Leo miał swoje plany co do wyznani, ale wszystko było jeszcze w etapie planowania. Na razie chłopak chciała, by Maggie zapomniała trochę o tym co wydarzyło się(a raczej nie wydarzyło się) w Dziewiątce. Nie chciał jej po prostu speszyć. Bał się, że dziewczyna zacznie go teraz unikać, ale ku jego uldze tak się nie stało.
Maggie postanowiła sobie, że będzie się zachowywała tak jakby nic się nie wydarzyło. Musiała się mętalnie przygotować do powiedzenia Valdezowi prawdy. Nie chciała by to wszystko skończyło się odrzuceniem tak jak kiedyś.

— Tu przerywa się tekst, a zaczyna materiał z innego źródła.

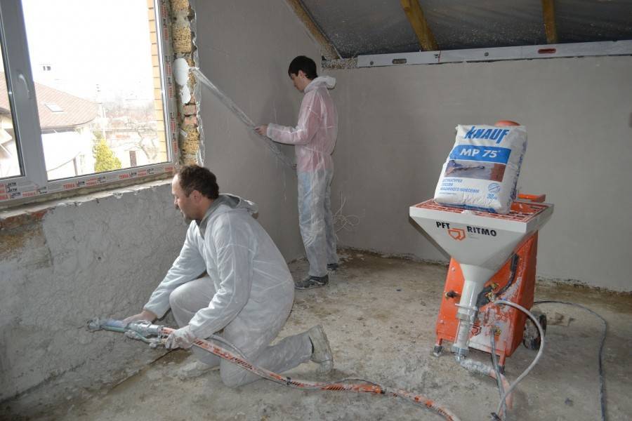 Сэкономить на работах можно, заказав машинную штукатурку. При высоком качестве и однородности наносимого слоя цена обработки квадратного метра минимум на треть ниже, чем при использовании ручного труда.

Maggie miała 14 lat kiedy zakochała się po raz pierwszy. To było zaraz na początku roku szkolnego kiedy zaczęła zauważać, że jej kolega z klasy Malcolm jest bardzo atrakcyjny. Kolegowali się bardzo długo i znali się na wylot. Jednak Malcolm nigdy nic do niej nie czuł po za tym, że ją lubił. Kiedy Moon zdecydowała się mu powiedzieć o swoich uczuciach chłopak uznał to za żart. Kiedy jednak zauważył, że dziewczyna nie żartuje, zaczął się śmiać. Oznajmił wszem i wobec, że jej nie kocha i raczej nigdy nie pokocha. Wtedy właśnie Maggie po raz pierwszy poczuła tak straszny ból odrzucenia.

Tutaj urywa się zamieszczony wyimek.